## [Required work]
From top to bottom, retype the data exactly, passing over any picture.

## [Information provided]
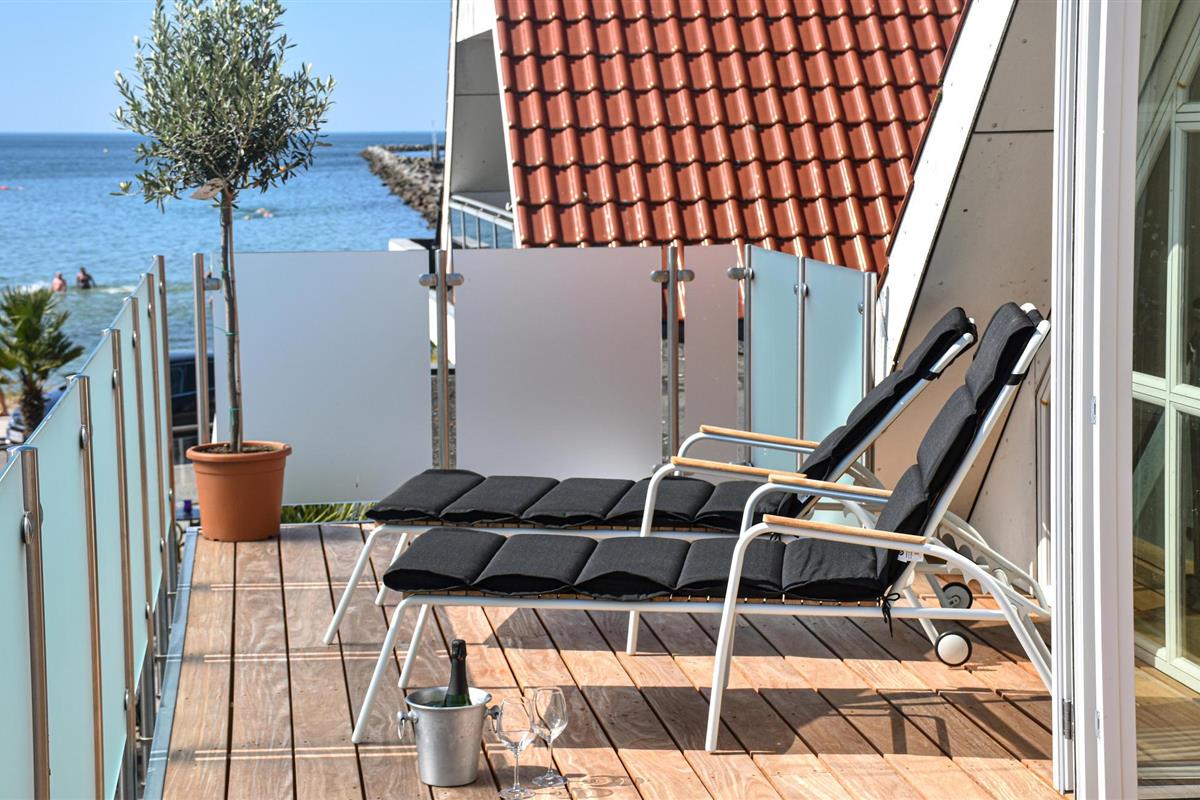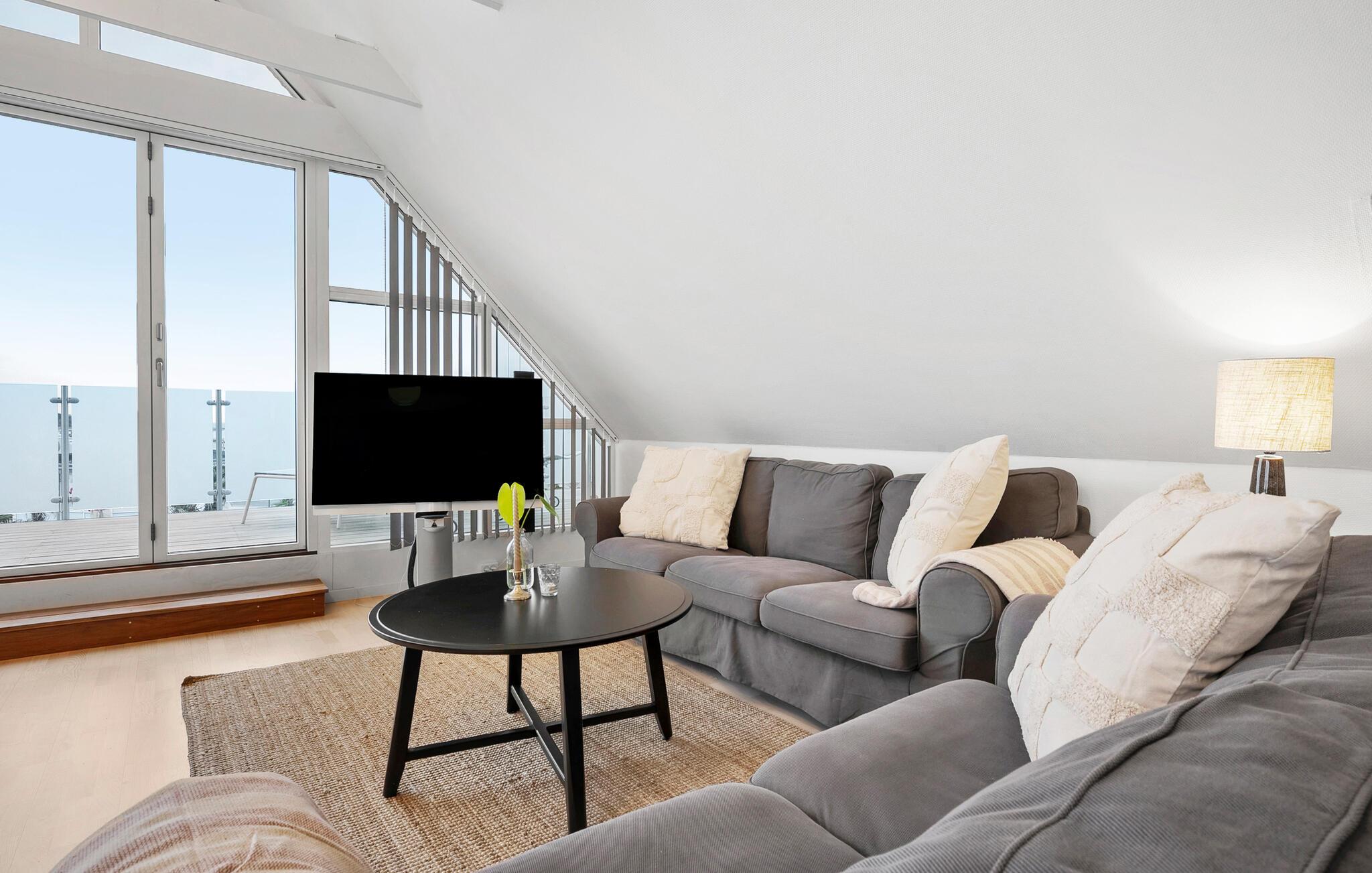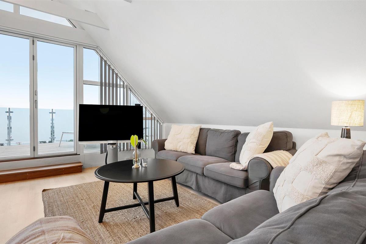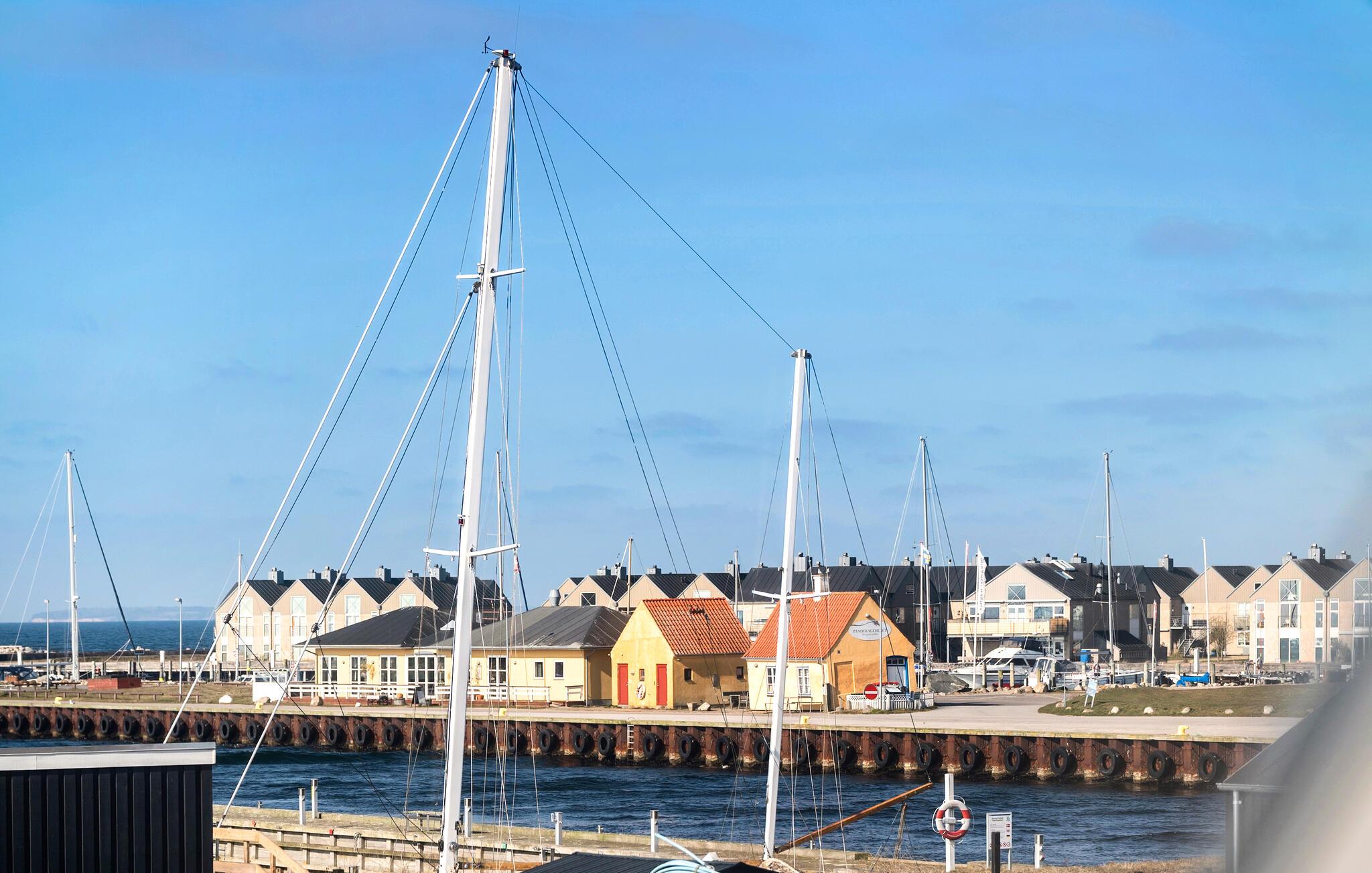 Prachtig appartement in Karrebæksminde met uitzicht op strand en haven, dicht bij winkels en restaurants.
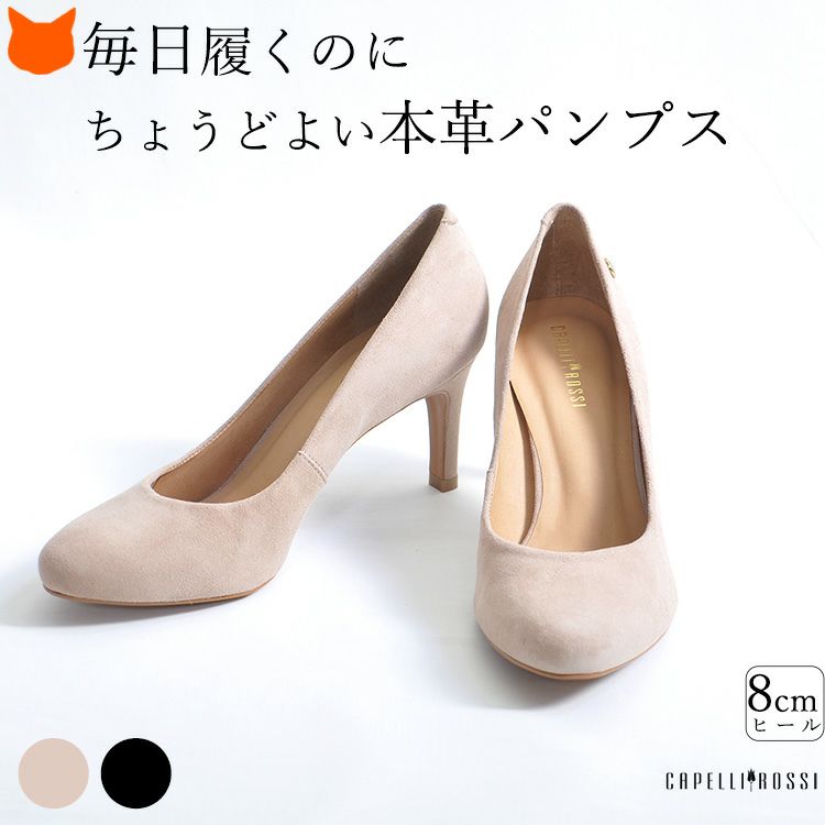 ブラジルブランド CAPELLI ROSSI 本革 美脚 スエード パンプス アーモンドトゥ 甲 幅広 ヒール8cm カペリロッシ
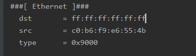 다음으로 이더넷 헤더는 아래 예제와 같다. 이때 IP/ICMP/ARP 프로토콜과 달리 이더넷 프로토콜의 전송 단위는 프레임이다. 참고로 ARP 프로토콜은 IP와 이더넷을 연결하는 프로토콜인 만큼 패킷과 프레임 사이에 있는 개념이지만 통상적으로 패킷으로 분류한다.

## [Written solution]
 Prachtig appartement in Karrebæksminde met uitzicht op strand en haven, dicht bij winkels en restaurants.
 ブラジルブランド CAPELLI ROSSI 本革 美脚 スエード パンプス アーモンドトゥ 甲 幅広 ヒール8cm カペリロッシ
 다음으로 이더넷 헤더는 아래 예제와 같다. 이때 IP/ICMP/ARP 프로토콜과 달리 이더넷 프로토콜의 전송 단위는 프레임이다. 참고로 ARP 프로토콜은 IP와 이더넷을 연결하는 프로토콜인 만큼 패킷과 프레임 사이에 있는 개념이지만 통상적으로 패킷으로 분류한다.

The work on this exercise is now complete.